## WHAT THE TASK REQUIRES
I would like you to print all the records below exactly as they are.

Extracted records:
────────
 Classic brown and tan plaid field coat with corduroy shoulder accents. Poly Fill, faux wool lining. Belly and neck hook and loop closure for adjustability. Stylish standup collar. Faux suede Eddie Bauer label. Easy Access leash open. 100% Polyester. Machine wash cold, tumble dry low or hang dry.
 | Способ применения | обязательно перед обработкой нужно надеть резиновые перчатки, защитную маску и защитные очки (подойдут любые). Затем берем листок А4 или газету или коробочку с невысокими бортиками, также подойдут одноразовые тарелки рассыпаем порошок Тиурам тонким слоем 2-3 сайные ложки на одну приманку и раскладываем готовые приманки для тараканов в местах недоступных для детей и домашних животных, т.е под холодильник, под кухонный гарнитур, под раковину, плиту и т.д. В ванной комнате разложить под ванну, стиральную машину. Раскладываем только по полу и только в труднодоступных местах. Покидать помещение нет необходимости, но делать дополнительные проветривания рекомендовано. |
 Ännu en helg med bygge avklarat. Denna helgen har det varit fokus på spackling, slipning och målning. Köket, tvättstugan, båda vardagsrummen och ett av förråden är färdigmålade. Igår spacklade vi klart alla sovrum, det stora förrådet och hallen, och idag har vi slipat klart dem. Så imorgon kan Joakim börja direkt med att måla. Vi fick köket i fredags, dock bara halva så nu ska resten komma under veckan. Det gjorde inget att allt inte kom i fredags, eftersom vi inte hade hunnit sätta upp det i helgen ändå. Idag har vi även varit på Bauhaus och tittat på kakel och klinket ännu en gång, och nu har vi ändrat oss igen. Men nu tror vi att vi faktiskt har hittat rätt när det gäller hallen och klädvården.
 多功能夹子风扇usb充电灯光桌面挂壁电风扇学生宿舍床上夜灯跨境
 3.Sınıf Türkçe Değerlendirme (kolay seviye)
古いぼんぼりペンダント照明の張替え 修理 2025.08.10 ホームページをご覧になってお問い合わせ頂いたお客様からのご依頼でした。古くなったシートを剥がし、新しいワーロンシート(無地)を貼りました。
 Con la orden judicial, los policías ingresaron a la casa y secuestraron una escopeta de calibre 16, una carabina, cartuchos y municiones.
────────
## SOLUTION TO THE EXERCISE
 Classic brown and tan plaid field coat with corduroy shoulder accents. Poly Fill, faux wool lining. Belly and neck hook and loop closure for adjustability. Stylish standup collar. Faux suede Eddie Bauer label. Easy Access leash open. 100% Polyester. Machine wash cold, tumble dry low or hang dry.
 | Способ применения | обязательно перед обработкой нужно надеть резиновые перчатки, защитную маску и защитные очки (подойдут любые). Затем берем листок А4 или газету или коробочку с невысокими бортиками, также подойдут одноразовые тарелки рассыпаем порошок Тиурам тонким слоем 2-3 сайные ложки на одну приманку и раскладываем готовые приманки для тараканов в местах недоступных для детей и домашних животных, т.е под холодильник, под кухонный гарнитур, под раковину, плиту и т.д. В ванной комнате разложить под ванну, стиральную машину. Раскладываем только по полу и только в труднодоступных местах. Покидать помещение нет необходимости, но делать дополнительные проветривания рекомендовано. |
 Ännu en helg med bygge avklarat. Denna helgen har det varit fokus på spackling, slipning och målning. Köket, tvättstugan, båda vardagsrummen och ett av förråden är färdigmålade. Igår spacklade vi klart alla sovrum, det stora förrådet och hallen, och idag har vi slipat klart dem. Så imorgon kan Joakim börja direkt med att måla. Vi fick köket i fredags, dock bara halva så nu ska resten komma under veckan. Det gjorde inget att allt inte kom i fredags, eftersom vi inte hade hunnit sätta upp det i helgen ändå. Idag har vi även varit på Bauhaus och tittat på kakel och klinket ännu en gång, och nu har vi ändrat oss igen. Men nu tror vi att vi faktiskt har hittat rätt när det gäller hallen och klädvården.
 多功能夹子风扇usb充电灯光桌面挂壁电风扇学生宿舍床上夜灯跨境
 3.Sınıf Türkçe Değerlendirme (kolay seviye)
古いぼんぼりペンダント照明の張替え 修理 2025.08.10 ホームページをご覧になってお問い合わせ頂いたお客様からのご依頼でした。古くなったシートを剥がし、新しいワーロンシート(無地)を貼りました。
 Con la orden judicial, los policías ingresaron a la casa y secuestraron una escopeta de calibre 16, una carabina, cartuchos y municiones.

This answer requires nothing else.